Each intercompany (IC) cycle followed a familiar pattern. The files would come in, the teams would prepare, and then the real work would begin. Manually setting up payments, one by one, inside Cobase was the standard.
For a process that runs regularly and at scale, it was surprisingly manual.
Across entities in the US, UK, and Netherlands, most IC payments required full manual setup. Only a small subset mainly domestic EFT payments within Netherlands and Germany were automated. Everything else depended on the Accounts Payable (AP) team building payment instructions line by line.
The result? A predictable operational bottleneck. Every single cycle.
The Time Was Adding Up Quietly
On paper, the process worked. Payments went through. Reconciliations followed. Nothing was “broken.”
But when we looked closer, the cost became clear:
That’s 7+ hours of combined effort per cycle, largely tied up in repetitive work.
And during peak IC weeks, when volumes were highest, that effort scaled linearly. More transactions meant more manual setup, more review, and more room for delays or errors.

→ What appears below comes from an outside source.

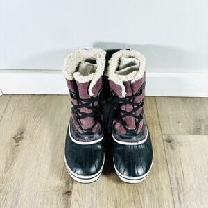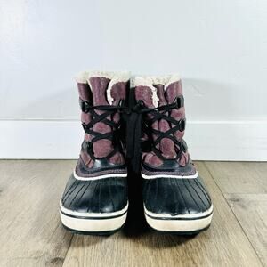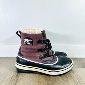 Sorel Tivoli Purple and Black Fur Lined shiny suade Waterproof Boots woman’s 9
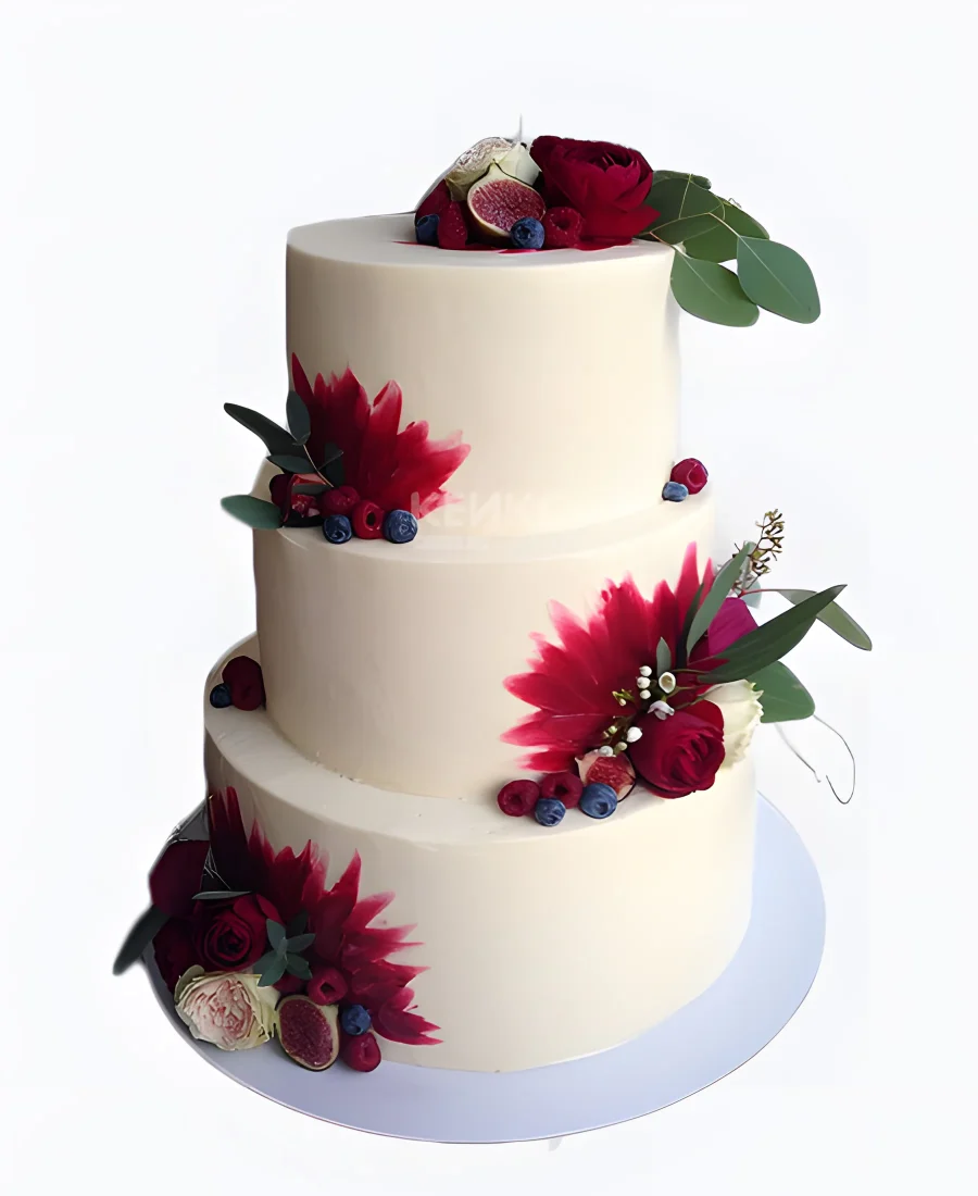 Трехъярусный свадебный торт без мастики с ягодами

Where the Process Was Breaking Down
When we mapped the workflow end-to-end, a few clear friction points emerged:
1. Manual Payment Setup in Cobase: Each payment had to be entered individually, increasing both workload and dependency on accuracy at the point of entry.
2. High Volume, Low Leverage Work: IC cycles involve large batches of transactions, but the process didn’t take advantage of that. There was no real bulk-processing capability.
3. Repetitive Validation and Review: Even after setup, every payment required careful review, adding another layer of time and effort.
Individually, these steps made sense. Together, they created a system that was reliable—but inefficient.
The Question That Changed the Approach
At a certain point, the problem wasn’t whether the process worked. It was whether it worked well enough.
Instead of optimizing individual steps, we asked a simpler question:
What if we removed the need for manual entry altogether?
The Solution: XML-Based Bulk Payment Uploads
Rather than continuing with manual inputs inside Cobase, we shifted the process upstream. This was done by preparing structured payment files that could be uploaded in bulk.
At the center of this solution is a controlled, semi-automated workflow built using Google Sheets and XML file generation.
In simple terms:
prepare once, validate once, upload once.
How the New Process Works
The redesigned workflow breaks down into a few clear stages:
1. IC File Preparation: The General Ledger (GL) team completes the IC payment file, this remains the trigger for the process.
2. Structured Input via Regional Sheets: The AP team works within dedicated regional sheets to manage volume cleanly and avoid overlap.
3. Script-Driven Data Population: Using built-in scripts, key data like amounts, beneficiaries, remittance details automatically pulled into the sheet.
4. Controlled Manual Inputs: Only a small set of fields require manual input (execution date, currency, urgency, etc.). Everything else is standardized.
5. Automated Mapping: Static data such as account numbers, bank details, and BICs are auto-filled through locked mappings.
6. Review and XML Generation: After validation, the file is converted into an XML format directly from the sheet.
7. Bulk Upload to Cobase: The XML file is uploaded in one step, completing the payment setup process.
The Impact
The difference was immediate and measurable:
Manual processing time (AP): reduced from ~4–4.5 hours to ~1.5 hours
Time savings: ~65% per IC cycle
Error risk: significantly reduced through standardized mappings and validation
Scalability: large volumes handled with minimal additional effort
What used to take hours of repetitive input is now handled in a fraction of the time with more consistency and control.
Building in Control: Security & Risk Mitigation
Automation only works if it’s trusted. From the start, we designed the process with control in mind:
The goal wasn’t just speed—it was safe, traceable efficiency.
A Practical Step Toward Full Automation
This isn’t the final state. It’s a bridge.
Moving to XML-based uploads creates a structured foundation for future automation, particularly the transition toward fully automated IC EFT payments within NetSuite.
By solving today’s bottleneck, the process is now better positioned for tomorrow’s scale.
A Small Shift with a Big Effect
Finance teams often carry processes like this functional, but heavier than they need to be. They don’t fail loudly, so they rarely get prioritized.
But when you look closely, the opportunity is usually there:
Not for a full transformation.
Just for a better way of doing the same thing.
That’s where the real gains tend to be.